Nesse sentido, repetimos com Paul Claudel que a beleza criada pode ser frustrante e também impulsiva: como ela nos diz o que todos anseamos, nos convoca à sua possessão e, uma vez encontrada, nos decepciona porque embora nos dê algo de que anseávamos, não nos dá por inteiro. Mas é propulsora quando a assumimos como notícia da Beleza Abosluta, verdadeiramente existente, da qual ela é apenas um reflexo que nos dá um sabor primário da Beleza divina, a qual sobretudo nos indica o caminho para nos mover em direção a Ela.

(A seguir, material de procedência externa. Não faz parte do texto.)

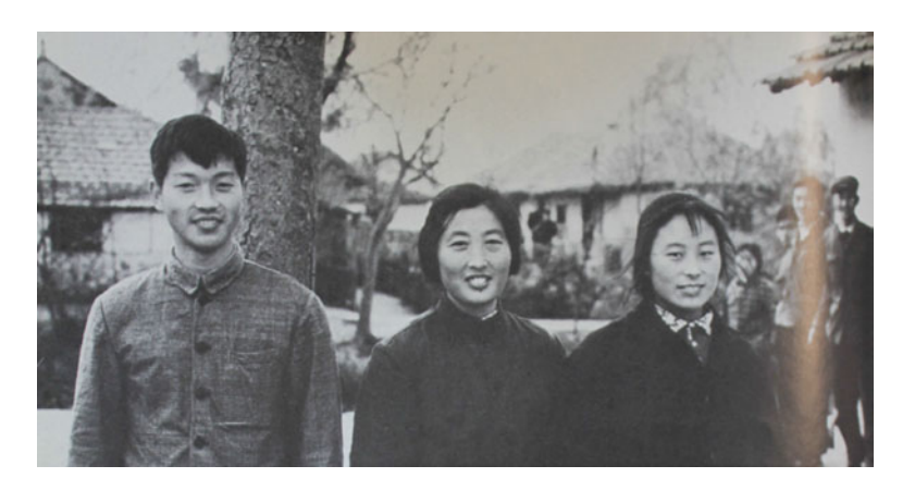
Appendix E. 'Three barefoot doctors', 1974

Appendix D. A picture of Mao Zedong in a clinic in Guanxi, 2012

Insistindo, decidimos que esta proximidade que a beleza estabelece com a Divinidade tem uma característica ‘muito humana’, o que torna ainda mais apetecível a sua forte repercussão sensível. Por exemplo, uma verdade, expressada de forma bela, além de representar seu próprio aspecto objetivo e real, comove o homem inteiro que é de corpo e alma. O alcança de uma maneira inclusive emocional e o move a aceitá-la pela própria característica de atração da beleza. Além disso, acreditamos que uma verdade belamente expressada traz notícias de outras verdades mais altas, das quais a verdade enunciada depende ou deriva. Isso é a própria beleza e, neste sentido, pode inclusive fornecer mais verdade que a própria verdade que expressa ou simboliza. É uma beleza, um fulgor da verdade que traz a luz das verdades mais altas.
Beleza e mística
Transcendendo o campo da mera filosofia e ingressando no solo sagrado da teologia, sabemos, por experiência própria, que a beleza convoca e favorece a contemplação. Uma bela paisagem nos chama a parar para apreciá-Lo e para que Nele nos deleitemos. E sabemos também que a mística, cristianicamente entendida, tem a contemplação como um dos seus efeitos mais comuns. A ação do Espírito Santo na alma frequentemente resulta na contemplação mística. Esta silimaridade de efeitos não indica que a beleza favorece a mística ou está intimamente relacionada com a mística? Evidentemente que sim, mas isso será tema de nosso próximo artigo.